Stored data:
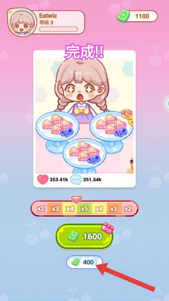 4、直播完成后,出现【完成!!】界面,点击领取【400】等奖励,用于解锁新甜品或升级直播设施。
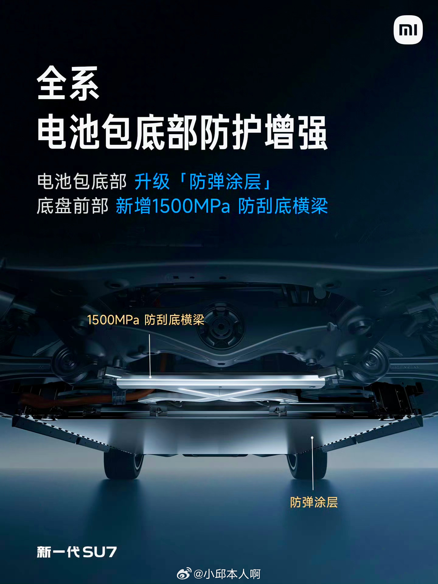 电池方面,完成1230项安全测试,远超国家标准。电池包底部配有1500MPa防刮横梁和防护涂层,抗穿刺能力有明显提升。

==

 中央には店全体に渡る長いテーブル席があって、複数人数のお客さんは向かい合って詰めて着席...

--

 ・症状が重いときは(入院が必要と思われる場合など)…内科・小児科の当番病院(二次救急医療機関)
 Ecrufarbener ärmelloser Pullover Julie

Work instruction:
In the listing above, find the line with "4、直播完成后,出现【完成!" and the line with "电池方面,完成1230项安全". Transcribe those two and everything between, exactly, leaving out pictures.

Finished exercise:
 4、直播完成后,出现【完成!!】界面,点击领取【400】等奖励,用于解锁新甜品或升级直播设施。
 电池方面,完成1230项安全测试,远超国家标准。电池包底部配有1500MPa防刮横梁和防护涂层,抗穿刺能力有明显提升。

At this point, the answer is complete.